Assignment: Look through the listing below and give the number of lines in which "were" occurs, nothing more.

□ □ □ □ □

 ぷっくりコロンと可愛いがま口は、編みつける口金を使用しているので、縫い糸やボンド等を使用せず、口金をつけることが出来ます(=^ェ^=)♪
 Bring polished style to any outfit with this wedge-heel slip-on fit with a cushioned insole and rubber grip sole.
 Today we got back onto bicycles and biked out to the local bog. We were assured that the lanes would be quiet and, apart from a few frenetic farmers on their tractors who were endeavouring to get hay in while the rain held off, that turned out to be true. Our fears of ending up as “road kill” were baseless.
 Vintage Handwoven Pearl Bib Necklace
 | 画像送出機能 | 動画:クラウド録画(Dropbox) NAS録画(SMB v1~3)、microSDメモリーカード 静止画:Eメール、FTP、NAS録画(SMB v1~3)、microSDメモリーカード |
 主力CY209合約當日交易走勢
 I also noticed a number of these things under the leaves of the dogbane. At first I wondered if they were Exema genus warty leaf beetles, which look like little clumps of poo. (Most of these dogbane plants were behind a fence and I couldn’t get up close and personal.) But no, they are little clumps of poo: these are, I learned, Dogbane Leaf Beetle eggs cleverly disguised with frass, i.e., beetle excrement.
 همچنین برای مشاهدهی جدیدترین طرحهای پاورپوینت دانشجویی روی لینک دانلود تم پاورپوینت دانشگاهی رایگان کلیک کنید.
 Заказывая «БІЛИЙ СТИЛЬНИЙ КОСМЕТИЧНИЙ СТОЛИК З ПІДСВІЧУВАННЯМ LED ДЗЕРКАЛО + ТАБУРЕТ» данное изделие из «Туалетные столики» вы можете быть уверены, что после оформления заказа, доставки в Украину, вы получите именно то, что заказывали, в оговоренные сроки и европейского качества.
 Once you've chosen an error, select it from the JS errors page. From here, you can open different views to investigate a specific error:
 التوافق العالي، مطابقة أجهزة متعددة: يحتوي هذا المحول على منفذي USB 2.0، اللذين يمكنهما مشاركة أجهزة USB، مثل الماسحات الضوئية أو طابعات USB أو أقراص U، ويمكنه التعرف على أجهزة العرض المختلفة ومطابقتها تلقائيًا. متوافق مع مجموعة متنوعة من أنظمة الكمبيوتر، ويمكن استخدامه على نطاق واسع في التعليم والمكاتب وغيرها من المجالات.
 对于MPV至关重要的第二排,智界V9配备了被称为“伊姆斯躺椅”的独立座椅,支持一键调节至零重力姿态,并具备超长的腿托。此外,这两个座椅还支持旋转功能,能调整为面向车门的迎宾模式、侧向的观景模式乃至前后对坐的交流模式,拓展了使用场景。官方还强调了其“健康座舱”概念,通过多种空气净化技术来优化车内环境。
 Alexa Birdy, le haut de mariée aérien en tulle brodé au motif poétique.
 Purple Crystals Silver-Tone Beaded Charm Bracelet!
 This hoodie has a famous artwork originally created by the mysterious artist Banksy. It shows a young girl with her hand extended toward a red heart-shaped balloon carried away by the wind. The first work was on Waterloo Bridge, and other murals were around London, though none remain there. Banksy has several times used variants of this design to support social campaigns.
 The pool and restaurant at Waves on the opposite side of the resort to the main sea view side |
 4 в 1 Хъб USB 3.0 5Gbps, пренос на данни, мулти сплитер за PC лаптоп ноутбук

□ □ □ □ □

Task solution: 3